◆ Your goal ◆
Exact duplicates of the lines from the top of the data through the line containing "LEASED. Unmissable Elegance: A" are needed, with every picture left out.

◆ Source material ◆
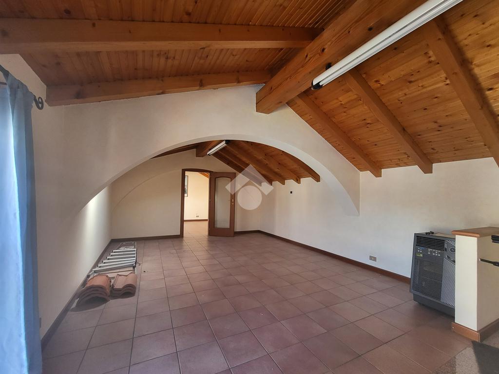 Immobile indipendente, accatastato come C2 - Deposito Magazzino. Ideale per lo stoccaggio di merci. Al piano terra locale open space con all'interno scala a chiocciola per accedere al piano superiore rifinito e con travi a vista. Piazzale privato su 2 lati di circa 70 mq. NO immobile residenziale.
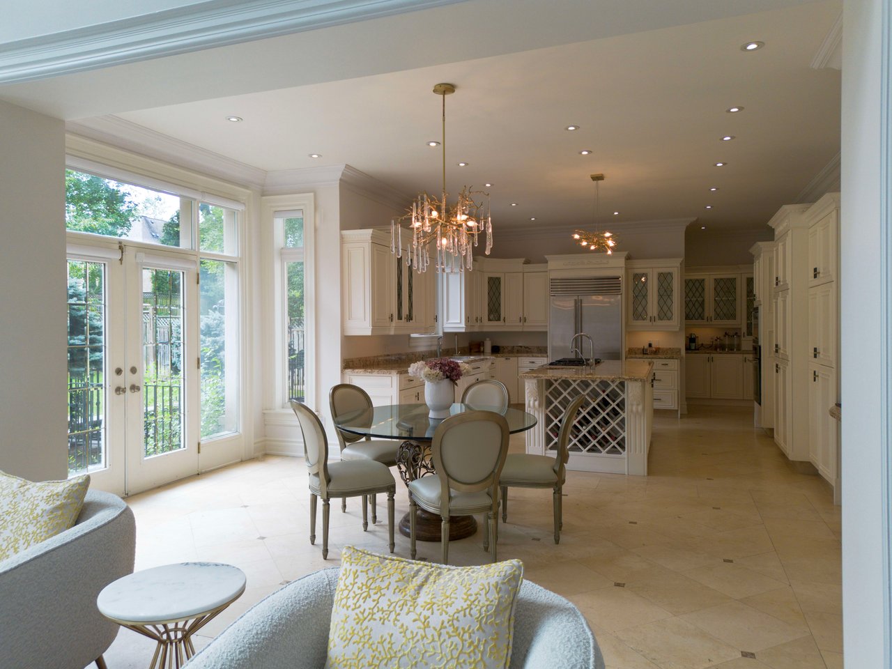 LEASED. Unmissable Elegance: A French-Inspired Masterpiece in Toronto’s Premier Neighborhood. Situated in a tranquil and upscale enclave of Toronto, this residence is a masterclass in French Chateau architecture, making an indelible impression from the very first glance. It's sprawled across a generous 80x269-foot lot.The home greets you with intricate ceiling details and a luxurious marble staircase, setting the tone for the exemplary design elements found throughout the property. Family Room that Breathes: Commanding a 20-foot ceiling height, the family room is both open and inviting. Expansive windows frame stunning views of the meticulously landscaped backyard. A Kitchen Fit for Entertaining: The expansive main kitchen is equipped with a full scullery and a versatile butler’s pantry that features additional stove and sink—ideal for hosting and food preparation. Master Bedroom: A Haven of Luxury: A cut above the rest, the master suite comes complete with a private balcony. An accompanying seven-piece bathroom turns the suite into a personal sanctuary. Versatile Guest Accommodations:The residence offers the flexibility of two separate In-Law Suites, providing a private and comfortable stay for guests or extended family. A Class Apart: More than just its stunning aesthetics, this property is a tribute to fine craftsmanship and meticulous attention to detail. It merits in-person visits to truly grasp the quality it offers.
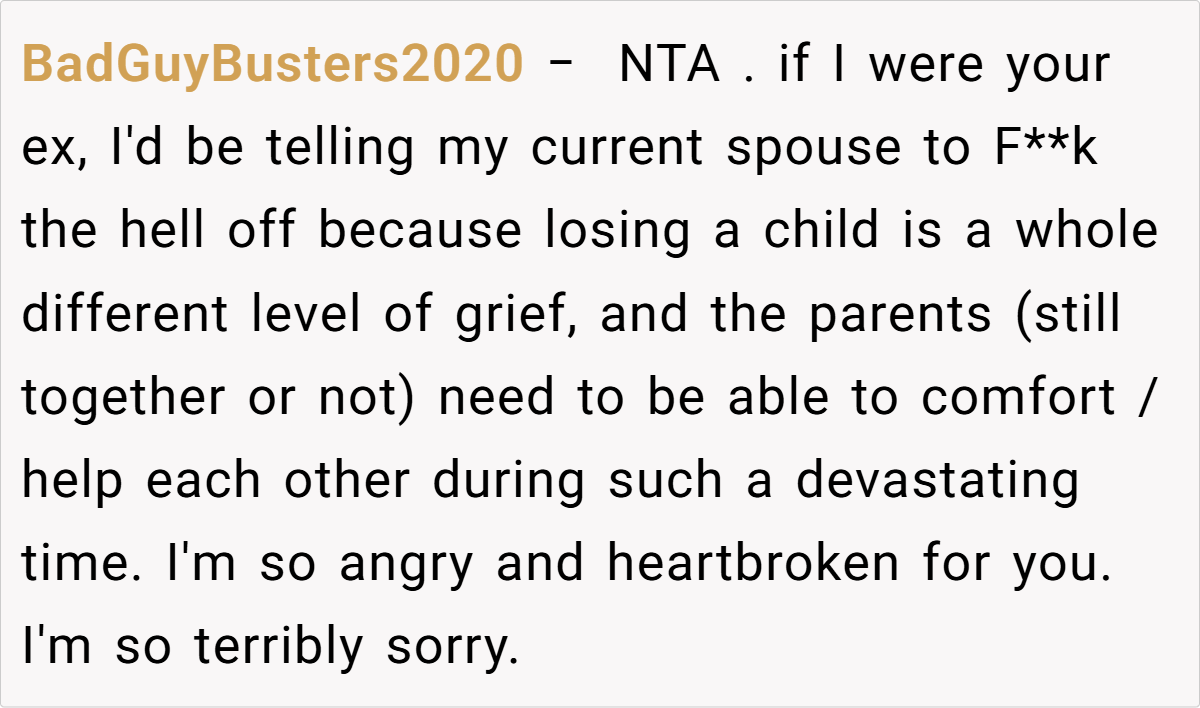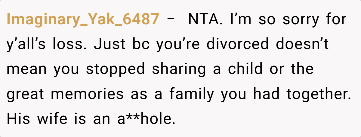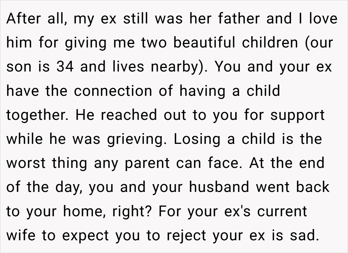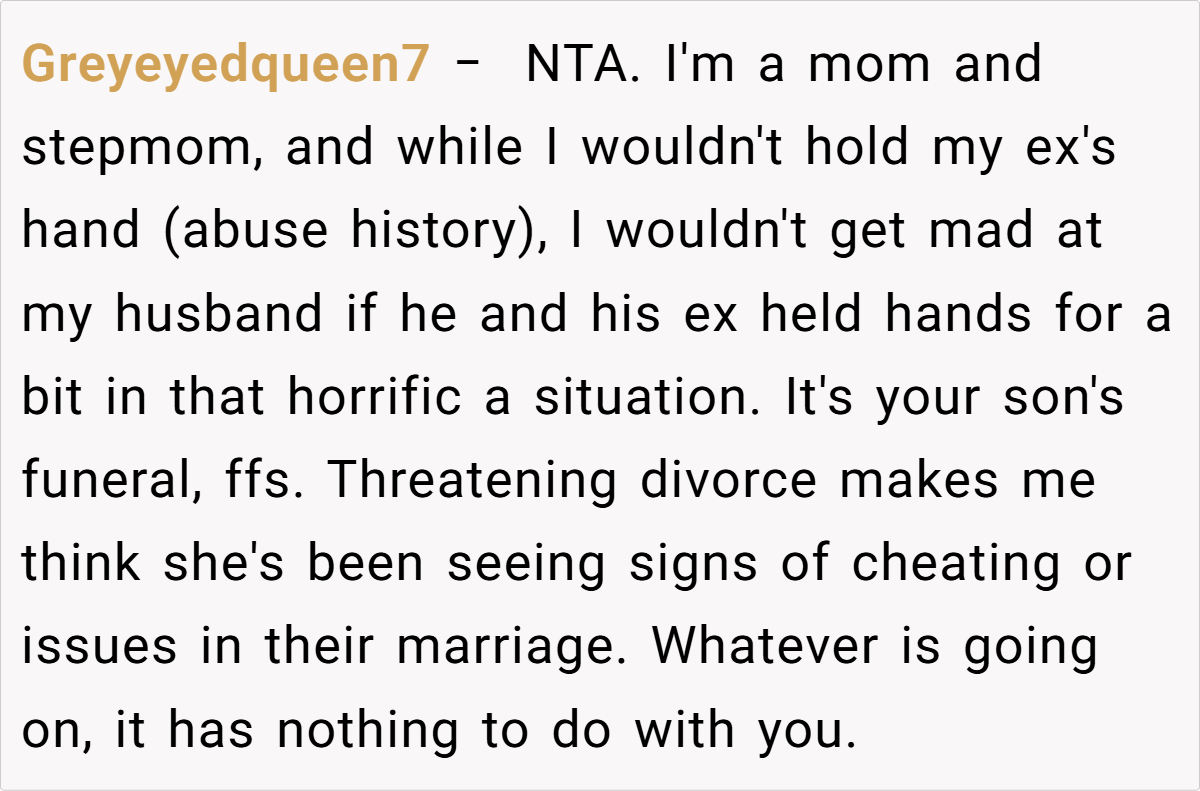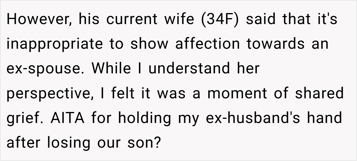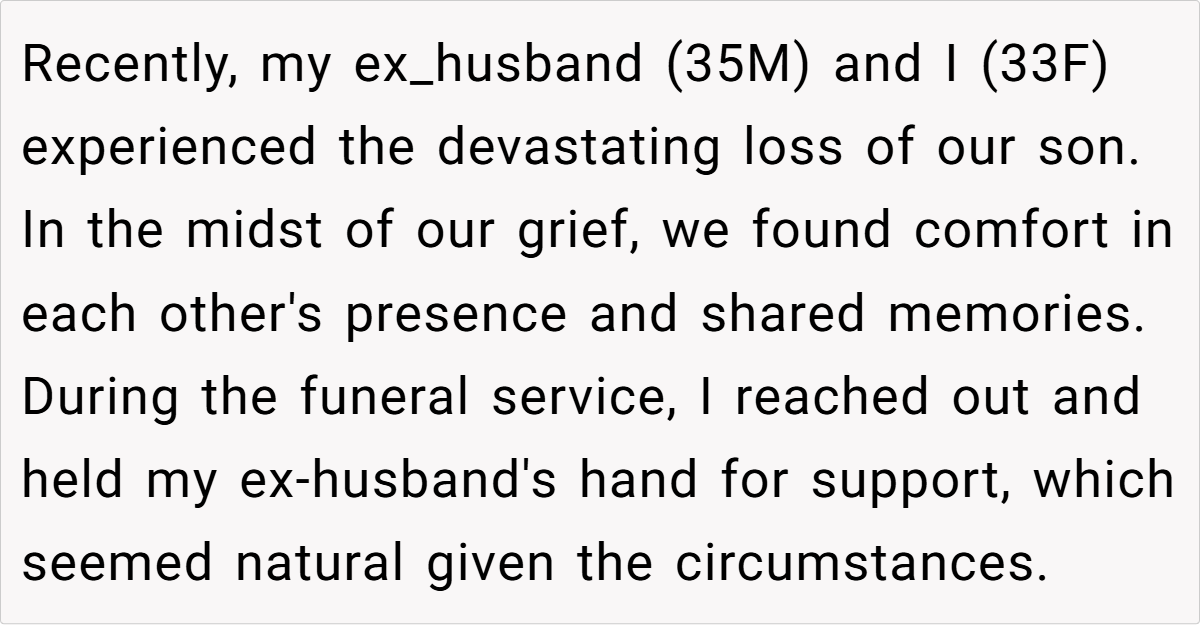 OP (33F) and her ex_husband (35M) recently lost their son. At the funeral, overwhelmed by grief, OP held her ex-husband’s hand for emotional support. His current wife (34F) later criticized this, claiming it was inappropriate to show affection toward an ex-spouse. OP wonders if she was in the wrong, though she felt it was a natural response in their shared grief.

◆ Task answer ◆
 Immobile indipendente, accatastato come C2 - Deposito Magazzino. Ideale per lo stoccaggio di merci. Al piano terra locale open space con all'interno scala a chiocciola per accedere al piano superiore rifinito e con travi a vista. Piazzale privato su 2 lati di circa 70 mq. NO immobile residenziale.
 LEASED. Unmissable Elegance: A French-Inspired Masterpiece in Toronto’s Premier Neighborhood. Situated in a tranquil and upscale enclave of Toronto, this residence is a masterclass in French Chateau architecture, making an indelible impression from the very first glance. It's sprawled across a generous 80x269-foot lot.The home greets you with intricate ceiling details and a luxurious marble staircase, setting the tone for the exemplary design elements found throughout the property. Family Room that Breathes: Commanding a 20-foot ceiling height, the family room is both open and inviting. Expansive windows frame stunning views of the meticulously landscaped backyard. A Kitchen Fit for Entertaining: The expansive main kitchen is equipped with a full scullery and a versatile butler’s pantry that features additional stove and sink—ideal for hosting and food preparation. Master Bedroom: A Haven of Luxury: A cut above the rest, the master suite comes complete with a private balcony. An accompanying seven-piece bathroom turns the suite into a personal sanctuary. Versatile Guest Accommodations:The residence offers the flexibility of two separate In-Law Suites, providing a private and comfortable stay for guests or extended family. A Class Apart: More than just its stunning aesthetics, this property is a tribute to fine craftsmanship and meticulous attention to detail. It merits in-person visits to truly grasp the quality it offers.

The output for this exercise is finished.